Berdasarkan data BEI, hingga 22 Mei 2026 baru terdapat satu perusahaan yang mencatatkan saham di bursa dengan dana dihimpun mencapai Rp0,30 triliun. Sementara itu, dari total 15 perusahaan yang masuk pipeline IPO, sebanyak 11 perusahaan atau sekitar 73,3 persen berasal dari kategori aset skala besar dengan nilai aset di atas Rp250 miliar.
Selain itu terdapat empat perusahaan aset skala menengah dengan aset Rp50 miliar hingga Rp250 miliar, sedangkan belum terdapat perusahaan kategori aset kecil dengan nilai aset di bawah Rp50 miliar.

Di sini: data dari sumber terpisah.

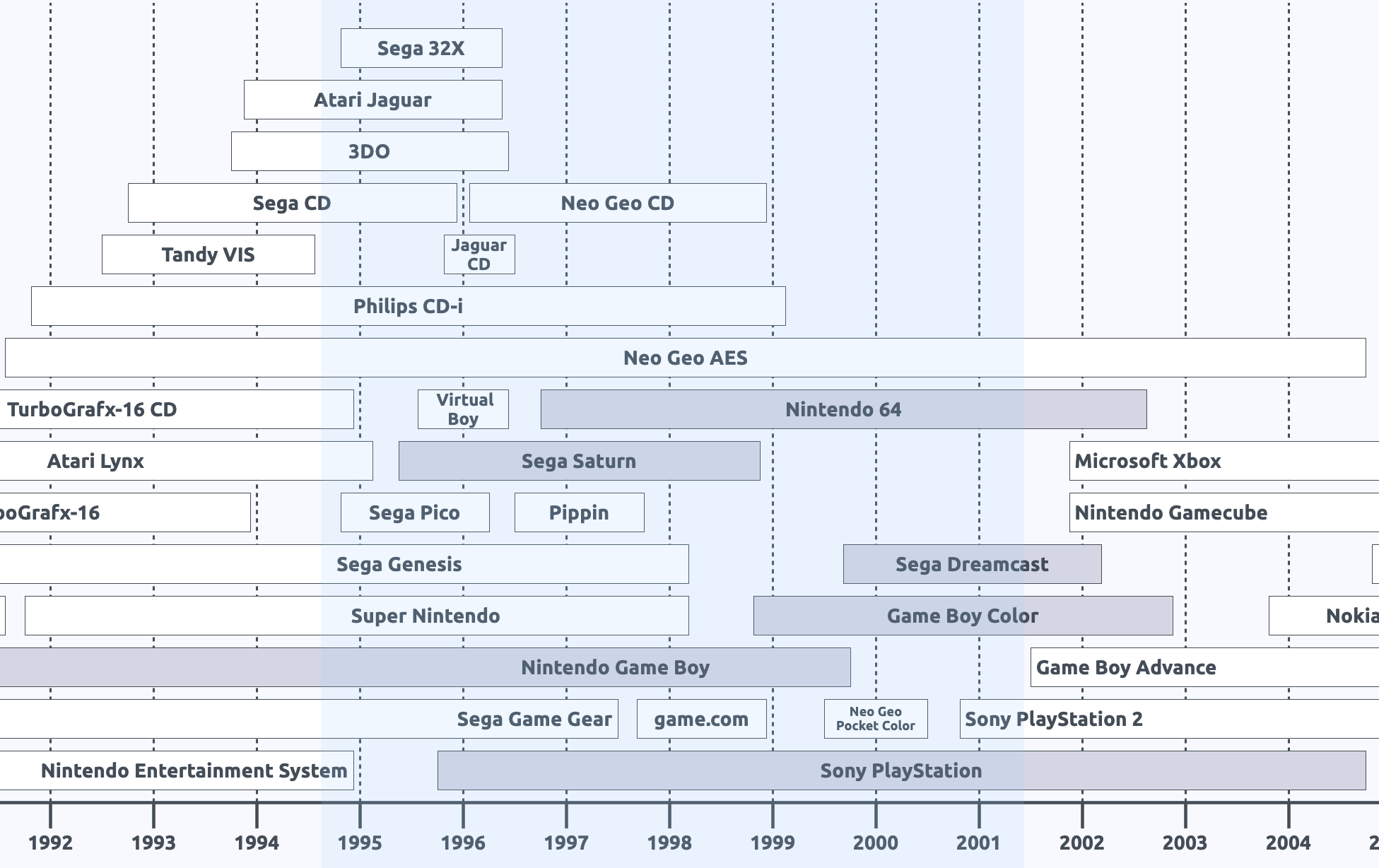 The first step is tracking down everything that qualifies as a "Monday Night War game". There were a lot of systems available between September 4 1995 and March 26 2001. Looking at an abridged version of the console timeline we can count a total of 23 systems that were sold during this time. We have the end of the 4th generation, most of the 5th generation, and the very beginning of the 6th generation.

Secara sektoral, pipeline IPO masih didominasi sektor Consumer Cyclicals, Consumer Non-Cyclicals, dan Healthcare yang masing-masing berkontribusi tiga perusahaan. Selain itu terdapat dua perusahaan sektor Infrastructures, dua perusahaan Technology, satu perusahaan Energy, dan satu perusahaan Financials.
Di sisi lain belum terdapat calon emiten dari sektor Basic Materials, Industrials, Properties & Real Estate, serta Transportation & Logistic.
Direktur Penilaian Perusahaan BEI I Gede Nyoman Yetna mengatakan pipeline pencatatan saham menunjukkan pasar modal Indonesia masih memiliki ruang pertumbuhan dengan minat perusahaan dari berbagai sektor industri.
"Hingga saat ini terdapat 15 perusahaan dalam pipeline pencatatan saham BEI. Sebagai informasi, terdapat 11 perusahaan aset skala besar, empat perusahaan aset menengah, dan tidak terdapat perusahaan aset skala kecil," ujar Direktur Penilaian Perusahaan BEI I Gede Nyoman Yetna, dalam keterangannya yang dikutip pada Minggu (24/5/2026).
Selain IPO, aktivitas penggalangan dana di pasar modal juga terlihat pada instrumen efek bersifat utang dan sukuk (EBUS). Hingga saat ini telah diterbitkan 62 emisi dari 40 penerbit dengan total dana yang dihimpun mencapai Rp68,10 triliun. Sementara terdapat 47 emisi dari 33 penerbit yang masih berada dalam pipeline.
Sektor Financials menjadi penyumbang terbesar pipeline EBUS dengan 12 perusahaan, disusul Infrastructures tujuh perusahaan dan Energy enam perusahaan. Selanjutnya terdapat dua perusahaan Basic Materials, dua Consumer Non-Cyclicals, dua Industrials, satu Healthcare, dan satu Technology.
Adapun dari aksi korporasi rights issue, per 22 Mei 2026 telah terdapat empat perusahaan tercatat yang menerbitkan rights issue dengan total nilai Rp3,89 triliun. Saat ini masih terdapat satu perusahaan dalam pipeline rights issue yang berasal dari sektor Properties & Real Estate.